Not only are individual facilities not being appropriately held accountable for poor care, neither are the corporations that run and/or manage them. Over half of nursing homes belong to some kind of multi-facility chain. Many if not all of the decisions governing staffing and budget that contribute to or cause poor care are made by the corporation. Yet CMS has taken no actions against corporate entities to deter substandard care, nor directed states to put systems in place that ensure corporations with a history of poor performance and/or unstable financing are not permitted to open new facilities or take over existing ones.

This already inadequate enforcement system is now being further weakened by policy changes made by CMS - changes that will result in lower and less frequent fines (Civil Monetary Penalties - CMPs). These changes correspond to direct requests from the nursing home industry and were made without public notice or comment. Examples of these policy changes include:

  • Making “per instance” CMPs the recommended remedy rather than “per diem” fines in all but a few limited circumstances. The result is generally lower penalties imposed for noncompliance.
  • Allowing CMPs to be optional instead of mandatory when Immediate Jeopardy does not result in serious injury, harm, impairment, or death.
  • Changing how remedies are selected and factors to consider, giving CMS Regional Offices (ROs) discretion. For instance, ROs can consider the extent to which the cited noncompliance is a one-time mistake or accident.

These policies are already having an impact. At the beginning of September 2018, the number of per instance fines is now more than double the number of per day fines. The average fine is only $9,467.37 when calculated as “per instance” compared to $72,589.45 when calculated according to days out of compliance.12 Consequently, the monetary penalty a facility must pay is significantly reduced, creating less incentive for facilities to fix problems quickly or to remain in compliance. This places residents at increased risk of poor care and harm. 

Rollback of protections

The standards that are to be enforced are also threatened. The Requirements of Participation were recently revised and issued October 2016. They provide important new protections for residents and will better ensure resident quality of care, quality of life and safety.

The revised rules were years in the making. CMS first began consulting with stakeholders in 2012 and provided multiple opportunities for groups representing a range of interests to express their perspectives and concerns prior to issuing the proposed rule. When released, the proposed regulations received nearly 10,000 comments. CMS carefully reviewed and considered each of these comments. The proposed rules were evaluated and re-evaluated before they were issued.

Yet just a few short months after their release, CMS began undermining and dismantling its own rules. The agency issued a proposed rule to eliminate the ban on forced pre-dispute arbitration; published a request for feedback on whether to eliminate or modify certain requirements - each of which makes an important difference in the lives of residents; and delayed by 18 months any major enforcement of a number of key regulations that were phased in November 2017. Most disturbing of all, CMS has indicated it will issue a new proposed rule to again “reform” the nursing home regulations.

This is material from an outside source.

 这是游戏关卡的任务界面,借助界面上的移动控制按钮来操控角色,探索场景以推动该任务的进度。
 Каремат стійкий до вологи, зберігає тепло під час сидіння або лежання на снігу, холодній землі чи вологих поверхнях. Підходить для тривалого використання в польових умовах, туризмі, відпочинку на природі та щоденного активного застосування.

These changes are being put forth under the umbrella of regulatory reform and to “reduce the burden on providers.” However, despite provider claims that the regulations are onerous, unnecessary and micromanage their operations, there is significant flexibility in the rules. Where the language is prescriptive, it is because experience showed that flexibility resulted in inaction by providers and detail was necessary – as evidenced by the addition of rules pertaining to antibiotic stewardship, baseline care plans, a grievance process, and emergency preparedness. Furthermore, many of the requirements that providers point to as “burdensome” are, in fact, important resident protections.

Many of the revisions CMS has mentioned correspond directly to modifications the nursing home industry has requested13 and directly overturn provisions just added the 2016 rules. Some of the provisions had not even been implemented, and others were just in the process of being implemented, yet CMS was already indicating its intent to make changes.

Insufficient staffing

Lack of enough nursing staff -- both licensed nurses and certified nursing assistants -- to provide residents with the care they need, when they need it is the number one complaint Consumer Voice hears from residents and families. Study after study has shown the relationship between staffing levels and quality of care, and the harm residents experience when those staffing levels are not adequate. 

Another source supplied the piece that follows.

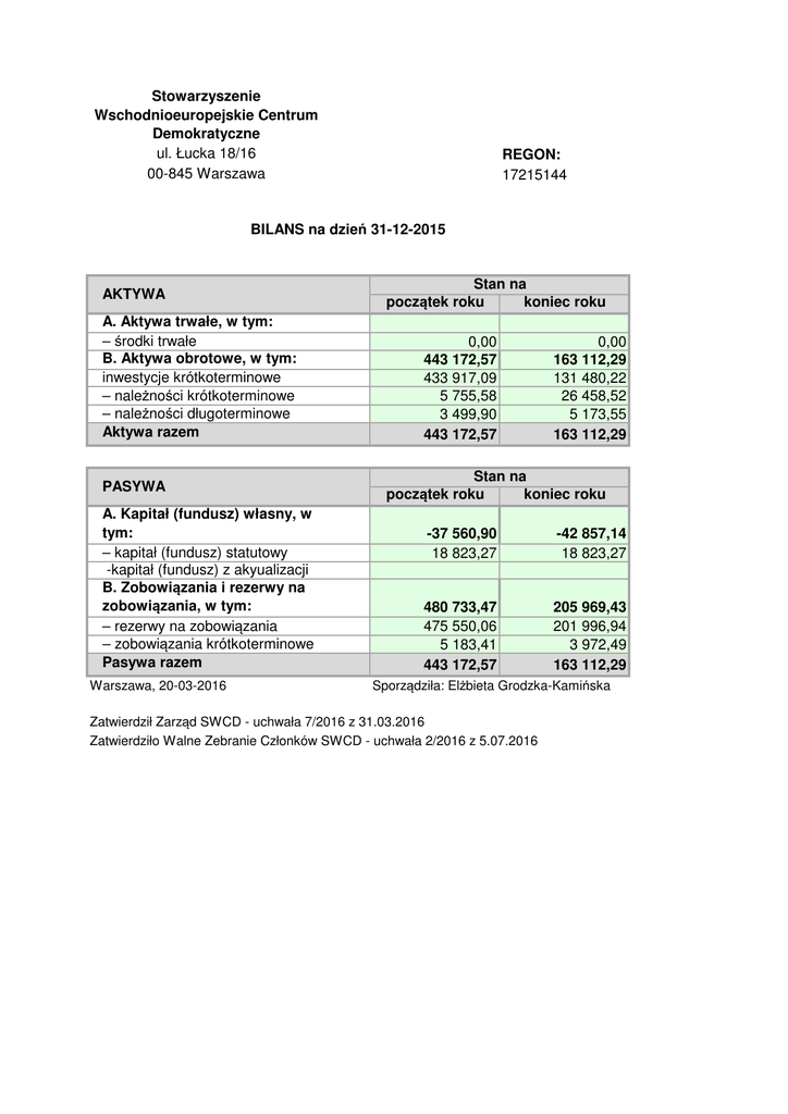 Stowarzyszenie Wschodnioeuropejskie Centrum Demokratyczne ul. Łucka 18/16 00-845 Warszawa REGON: 17215144 BILANS na dzień 31-12-2015 AKTYWA A. Aktywa trwałe, w tym: – środki trwałe B. Aktywa obrotowe, w tym: inwestycje krótkoterminowe – należności krótkoterminowe – należności długoterminowe Aktywa razem PASYWA A. Kapitał (fundusz) własny, w tym: – kapitał (fundusz) statutowy -kapitał (fundusz) z akyualizacji B. Zobowiązania i rezerwy na zobowiązania, w tym: – rezerwy na zobowiązania – zobowiązania krótkoterminowe Pasywa razem Warszawa, 20-03-2016 Stan na początek roku koniec roku 0,00 443 172,57 433 917,09 5 755,58 3 499,90 443 172,57 0,00 163 112,29 131 480,22 26 458,52 5 173,55 163 112,29 Stan na początek roku koniec roku -37 560,90 18 823,27 -42 857,14 18 823,27 480 733,47 475 550,06 5 183,41 443 172,57 205 969,43 201 996,94 3 972,49 163 112,29 Sporządziła: Elżbieta Grodzka-Kamińska Zatwierdził Zarząd SWCD - uchwała 7/2016 z 31.03.2016 Zatwierdziło Walne Zebranie Członków SWCD - uchwała 2/2016 z 5.07.2016 Stowarzyszenie Wschodnioeuropejskie Centrum Demokratyczne ul. Łucka 18/16 00-845 Warszawa REGON: 17215144 RACHUNEK ZYSKÓW I STRAT za rok 2015 Rok poprzedni A. Przychody podstawowej działalności operacyjnej i zrównane z nimi, w tym zmiana stanu produktów (zwiększenie – wartość dodatnia, zmniejszenie – wartość ujemna) B. Koszty podstawowej działalności operacyjnej: I. Amortyzacja II. Zużycie materiałów i energii III. Wynagrodzenia, ubezpieczenia społeczne i inne świadczenia IV. Pozostałe koszty C. Pozostałe przychody i zyski, w tym aktualizacja wartości aktywów D. Pozostałe koszty i straty, w tym aktualizacja wartości aktywów E. Podatek dochodowy G. Wynik finansowy netto ogółem (A−B+C−D−E), w tym: I. Nadwyżka przychodów nad kosztami (wartość dodatnia) II. Nadwyżka kosztów nad przychodami (wartość ujemna) Warszawa, 20-03-2016 Rok bieżący 2 164 854,50 3 986 803,56 2 162 886,60 3 975 866,96 68 102,39 550 920,13 484 024,69 1 610 759,52 478 991,97 2 945 954,86 7 311,17 5 240,44 8 812,18 21 473,28 466,89 -5 296,24 Sporządziła: Elżbieta Grodzka-Kamińska Zatwierdził Zarząd SWCD - uchwała 7/2016 z 31.03.2016 Zatwierdziło Walne Zebranie Członków SWCD - uchwała 2/2016 z 5.07.2016 Okres objęty sprawozdaniem fiansowym od 01-01-2015 do 31-12-2015 Stowarzyszenia WSCHODNIOEUROPEJSKIE CENTRUM DEMOKRATYCZNE z siedzibą w Warszawie przy ul. Łucka 18 m 16 Regon 017215144 INFORMACJA DODATKOWA SPRAWOZDANIA FINANSOWEGO Przedmiotowe sprawozdanie finansowe obejmuje rok obrotowy od 01 stycznia 2015 do 31 grudnia 2015 i zostało sporządzone przy założeniu dalszej kontynuacji działalności. Sporządzenie sprawozdania fiansowego z zastosowaniem uproszczeń przewidzianych w ustawie o rachunkowości dla jednostek mikro. Sprawozdanie finansowe sporządzone zostało na podstawie księg rachunkowych prowadzonych w roku obrotowym zgodnie z zasadami dokumentacji oraz polityką rachunkowości ustaloną i wprowadzoną do stosowania postanowieniami Zarządu: a) zasady ustalenia roku obrotowego i okresów sprawozdawczych b) zasady wyceny aktywów i pasywów oraz ustalenia wyniku finansowgo c) zasady prowadzenia ksiąg rachunkowych, w tym zakładowy plan kont Operacje gospodarcze wyrażone w walutach obcych ujmuje się w księgach na dzień przeprowadzenia operacji według kursu średniego NBP z dnia poprzedzającego dzień powstania zobowiązań lub należności. Kapitały własne ujmuje się w księgach rachunkowych w wartości nominalnej według rodzajów i zasad określonych przepisami prawa i statutu Zobowiązania wycenia się na dzień bilansowy w kwocie wymagającej zapłaty Zobowiązania wyrażone w walutach obcych wycenia się na dzień bilansowy po kursie ustalonym dla danej waluty przez Narodowy Bank Polski na ten dzień Przyjęte zasady rachunkowości , w tym metody wyceny aktywów i pasywów. Rachunkowośc Stowarzyszenia prowadzona jest zgodnie z ustawą o rachunkowości. Organizacja nie posiada udziałów i akcji . Przyjete zasady rachunkowości stosuje się w sposób ciągły,dokonując w kolejnych latach obrotowych jednakowego grupowania operacji gospodarczych i jednakową wycenę aktywów i pasywów (według cen zakupu) Sprawozdanie fiansowe sporządza się tak , aby za kolejne lata informacje w nich zawarte były porównywalne. 1 h. Podział należności według pozycji bilansu o pozostałym na dzień bilansowy, przewidywanym umową okresie spłaty okres wymagalności do 1 roku powyżej 1 roku Razem stan na początek roku koniec roku początek roku koniec roku początek roku koniec roku obrotowego obrotowego obrotowego obrotowego obrotowego obrotowego Należności z tytułu 1. dostaw i usług 1 250,29 37,62 1 673,65 1 673,65 2 923,94 1 711,27 2. podatków 39,00 237,00 39,00 237,00 3. środków od ZUS 10,09 10,09 0,00 4. wynagrodzeń 0,00 0,00 0,00 5.z pracownikami i współpracownikami 343,84 52,89 343,84 52,89 6.wobec grantobiorców 2 617,56 26 131,01 30,20 2 647,76 26 131,01 7. dochodzone na drodze sądowej 0,00 0,00 0,00 8. innych należności 3 499,90 3 499,90 3 499,90 3 499,90 Razem 7 760,68 29 958,42 1 703,85 1 673,65 9 464,53 31 632,07 1 i. Podział zobowiązań według pozycji bilansu o pozostałym na dzień bilansowy, przewidywanym umową okresie spłaty okres wymagalności do 1 roku powyżej 1 roku Razem stan na początek roku koniec roku początek roku koniec roku początek roku koniec roku obrotowego obrotowego obrotowego obrotowego obrotowego obrotowego Zobowiązania z tytułu 0,00 0,00 1. kredytów i pożyczek 1 036,72 3 472,18 2. dostaw i usług 1 036,72 3 472,18 0,00 0,00 3. podatków 0,00 291,24 4. ubezpieczeń społecznych 291,24 0,00 0,01 5. wynagrodzeń 0,01 401,02 0,01 6.z pracownikami i współpracownikami 401,02 0,01 3 745,67 0,00 7.wobec grantobiorców 3 745,67 0,00 0,00 8. zobowiązań wekslowych 0,00 0,00 9. innych zobowiązań 0,00 0,00 209,05 10.aktualizacja(odsetki od Mon

A landmark federal study in 2001 indicated that a minimum of 4.1 hours of direct care staff time is typically needed to prevent common quality of care problems and loss of the ability to do things independently, like eating, yet approximately one-third of nursing homes report total direct care staffing of 3.0 hours per resident day or less.14

The major reason for this understaffing is the lack of a minimum staffing standard for nursing homes. Medicaid and/or Medicare certified facilities must have “sufficient staff” to meet residents’ needs, but this provision is vague and ambiguous. The lack of specificity means that the decision about staffing levels is up to individual nursing homes, or the corporations that control them. The result is that facilities often cut staffing in order to maximize profits.

Rollout of the PBJ database is a welcome development, and CV commends CMS for its close attention to reported staffing levels that are based on auditable data (as opposed to self reported staffing data, which is unreliable). Data have already shown that staffing levels in many facilities are lower than previously reported.15 We strongly recommend that the agency take further steps to address and correct the evident gaps between what PBJ staffing data are now showing, and the recommended federal standard of 4.1 hours of direct care staff time per resident per day.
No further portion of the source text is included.